Солнце и смерть. Диалогические исследования - [29]

Шрифт
Интервал

Г. – Ю. Х.: Я хотел бы отметить, что эта неявная подмена семантического энергетическим производит необычный побочный эффект: именно там, где в наиболее острой форме происходит внедрение этих инородных элементов, возникает наиболее сильное сопротивление при попытке понять, как происходит это влияние во всей его взаимосвязанности. История психоанализа продемонстрировала это.

Хайнер Мюллер[85] несколько лет тому назад остроумно заметил: «Анализ теперь происходит уже не в философии, а в театре». Может ли социальная наука быть местом прояснения того, что происходит в обществе? Не разворачивается ли скорее просвещение на других аренах – например, в форме локальных онтологий, – ведь к этому сводится и часть Вашей аргументации в «Сферах»? Или сегодняшний застой вызван тем, что мы чересчур сосредоточились на особой немецкой ситуации? Вы как-то заметили, что видите приход «анархизма в обличье конформизма». Это держащее себя в узде простодушие, этот новый глобализированный конформизм и откат назад, к размышлениям задним умом[86], как бы мы выразились, – к каким последствиям приведет эта интеллектуальная трусость в обществе в целом и в его научных институциях?

П. С.: Вы сами сказали это. Надо иметь в виду, что эффективное просвещение приходит с той стороны, с которой его не ждут. Оно продвигается дальше там, где его не замечают контролеры и самозваные местоблюстители. Можно пояснить это на примере приглаженного психоанализа: часть пустословного самоанализа сегодня уже встроилась в расхожие формы общения. Большинство высокообразованных представителей средних слоев свыклись с мыслью, что они – не хозяева в собственном доме; они таким образом дают шанс своему бессознательному и подыгрывают ему, участвуя в индивидуально-психологической комедии, – настолько хорошо, насколько могут. Они примирились с тем, что это Оно мыслит, когда мыслю Я, и это Оно говорит, когда говорю Я. В этом отношении все уже давно обрели иммунитет и застрахованы от просветительского шока.
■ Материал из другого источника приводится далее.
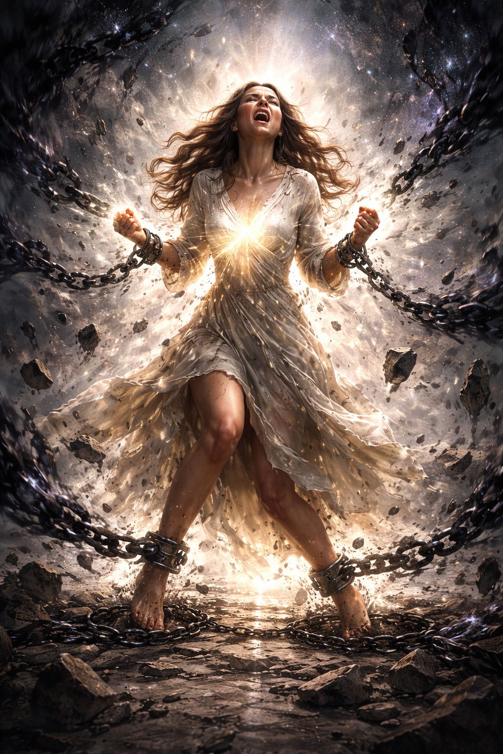 O que foi mais impactante não foi a cena da vida passada, mas o que aconteceu no sutil durante a sessão. Enquanto eu sustentava o campo entrou uma luz que começou a "derreter" as correntes de ferro etérico que prendiam os pés dela. Foi um momento de tensão máxima, porque a alma dela tinha medo de soltar o peso; ela achava que o peso era o que a mantinha no chão. Eu precisei olhar nos olhos dela (no campo sutil) e dizer: "A tempestade de luz não veio para te afogar, ela veio para te levar para a superfície. Solta a âncora ou a pressão vai te quebrar". Foi aí que ela desabou em um choro.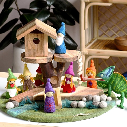 Create the perfect backdrop to an invitation to play for your fairy houses, loose parts play or wooden treehouses. Our round playscape is decorated with a gentle river, green patches, long bluish grass and felt stones.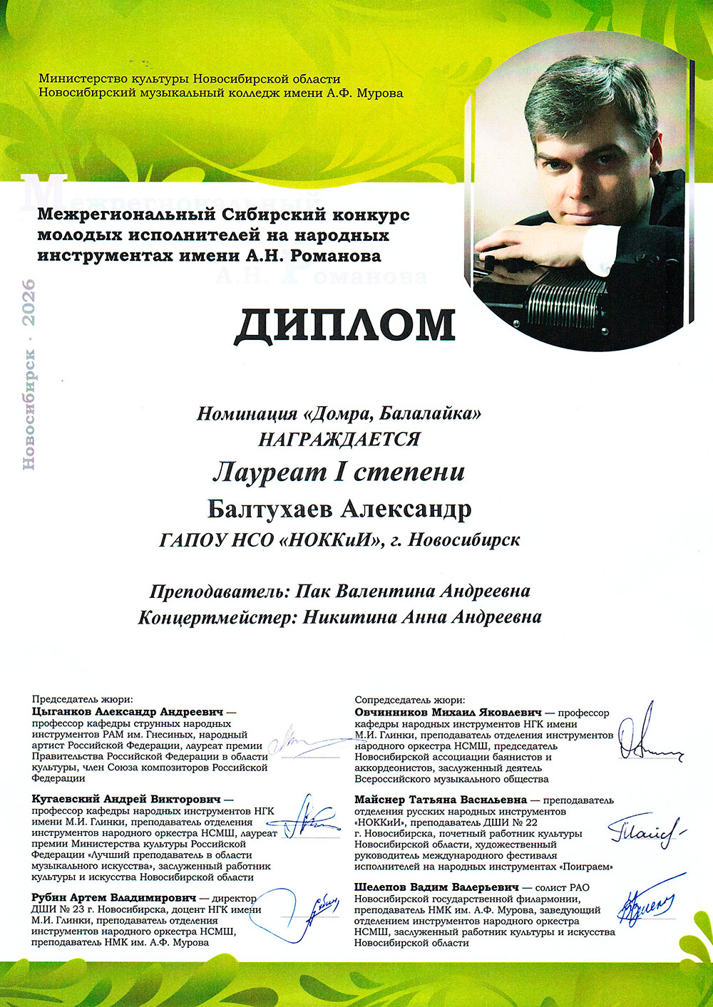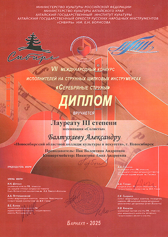 Лауреат 1 степени: Александр Балтухаев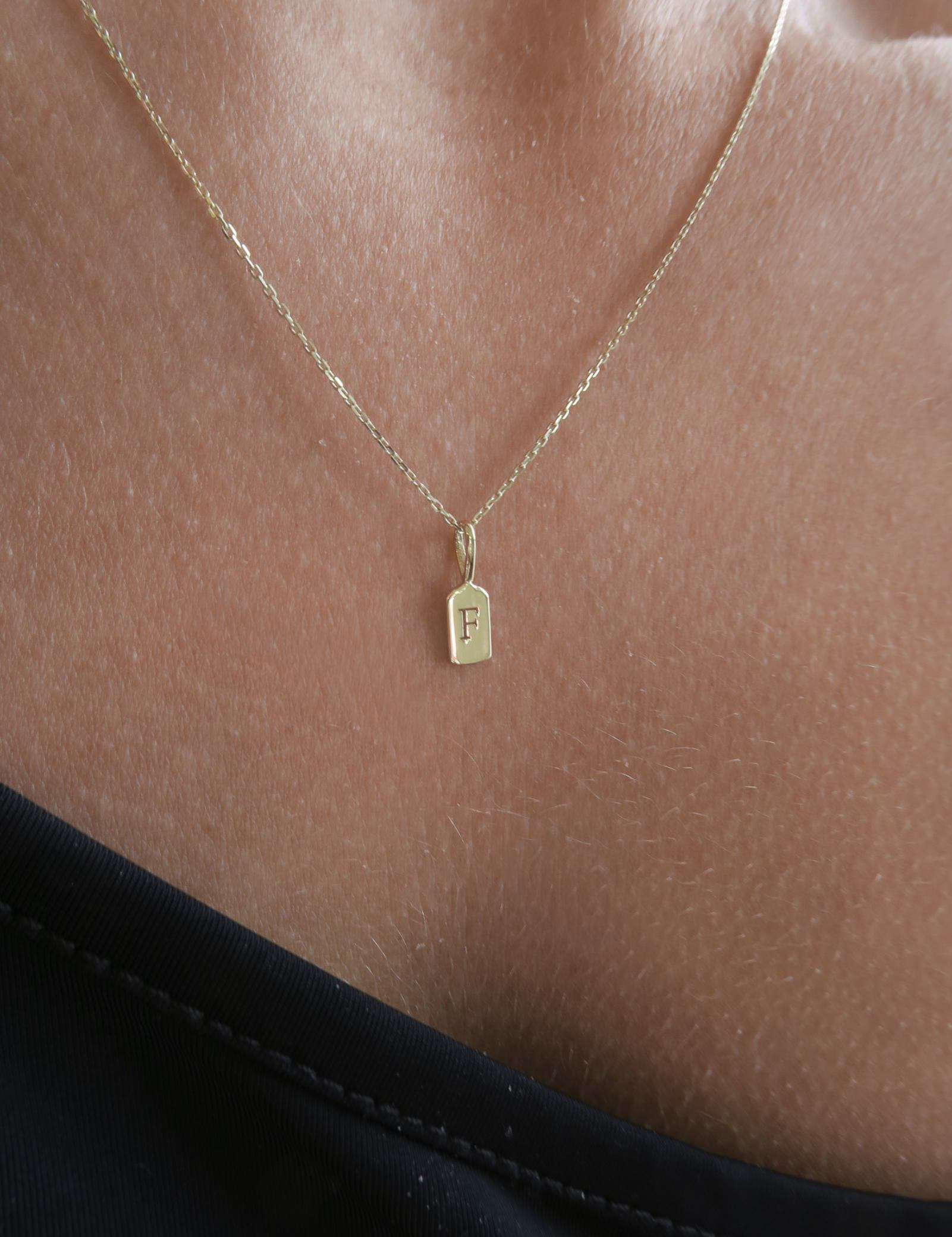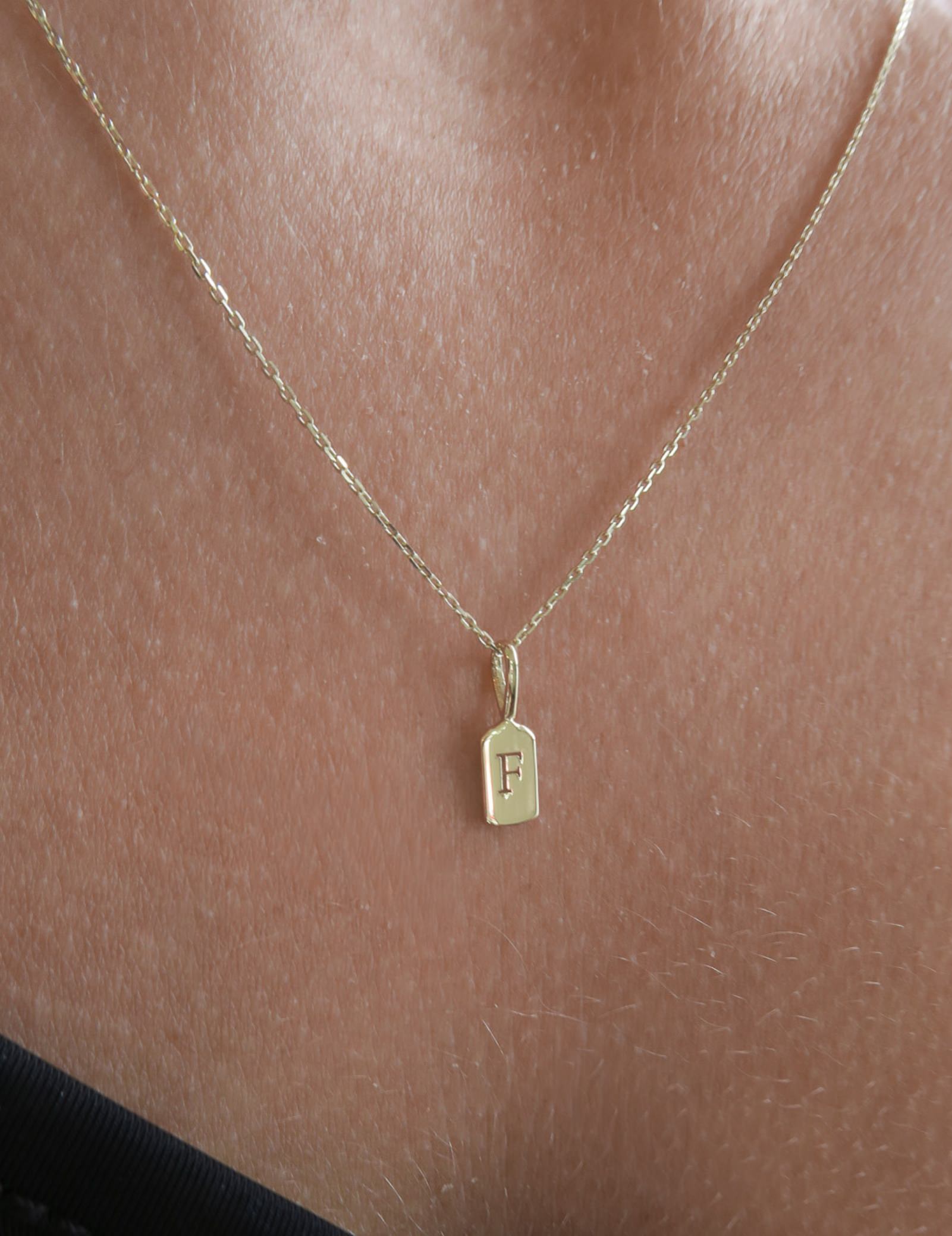 The Luna Letter F charm measures 11mm x 3.6mm, ensuring a subtle yet distinct presence on any outfit.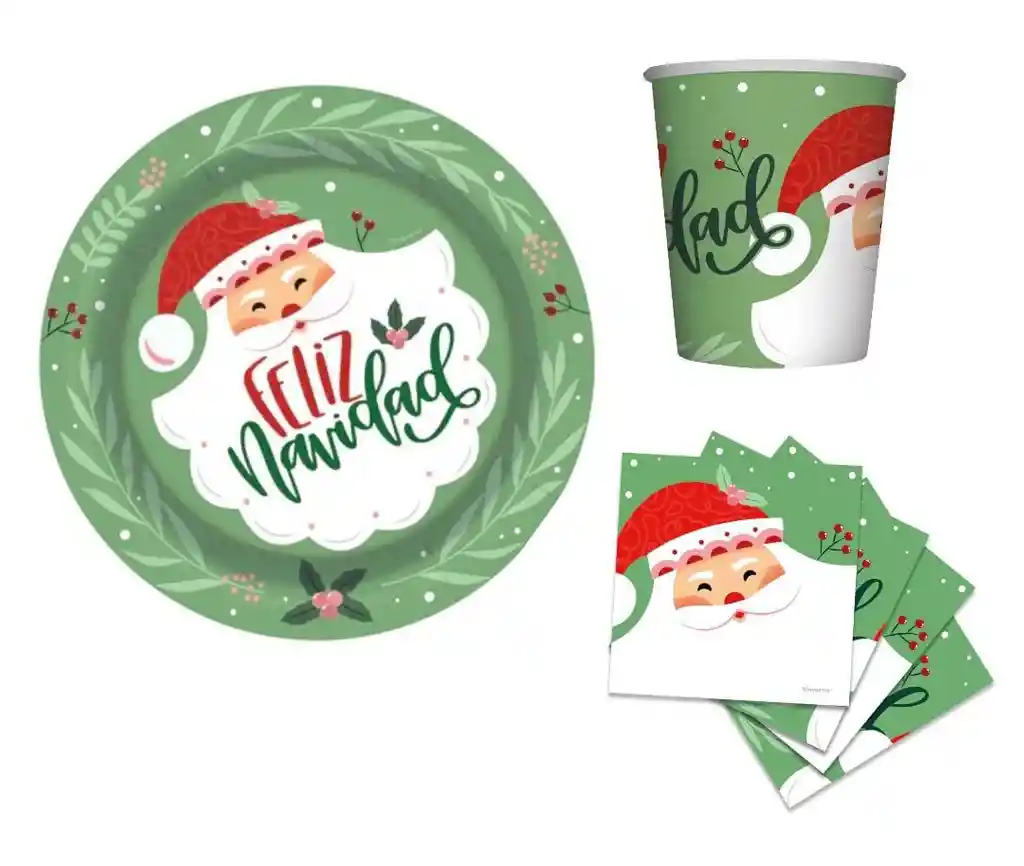 Set Platos, Vasos Y Servilletas X8 Navidad Santa Feliz Sempertex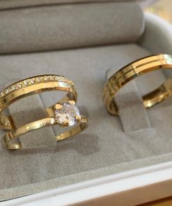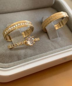 Aliança de Ouro 18K | Modelo Chanfrado Todo Diamantado Semi-Anatômico 4mm | Casamento e Noivado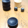 В комплект входят 30 фишек, два зарика и пластиковая упаковка. Внешний рисунок выполнен в виде резьбы, а внутренний — выжиганием. Лузы для фишек обеспечивают комфортное и безопасное перемещение игровых элементов.

Для анализа, который обрабатывает Внешнее, такого иронического амортизатора не существует, потому что еще не разобрались теоретически, что тут к чему. Потому псевдопросветители и оказывают особенно ожесточенное сопротивление, когда им принимаются доказывать, что в стрессораспределяющих системах они действуют не автономно, а всего лишь как проводники раздражений и посредствующие звенья-батареи в цепи. Можно, вопреки всем возражениям, показать, что все отдельные индивиды обладают, словно радиотехнические устройства, входом для возбуждения и выходом для возбуждения и что они – каждый в соответствии со степенью организованности своей индивидуальности – снова испускают из себя сигнал на выходе, может быть, в слегка приглушенном виде, а может – с усиленной амплитудой. Во всяком случае, индивиды – это трансформаторы, которые включены в процесс протекания связанных с обсуждаемыми темами энергетических потоков. Их так называемые мнения – это тематические и моральные формы моды. Если посмотреть на это психо-исторически, с учетом истории складывания психики, то такая смена угла зрения соответствует реальному переходу от эндоневроза к экзоневрозу, то есть от самопроизвольной дезориентации к дезориентации, возникшей вследствие соучастия. Кое-что из этого уже описал ранее Герман Брох в «Теории массового помешательства» – в теории, которая объясняет, как люди, соучаствовавшие в какой-то безумной выходке, быстро возвращаются во вновь обретаемое нормальное состояние, словно они никогда не были причастны к безумию.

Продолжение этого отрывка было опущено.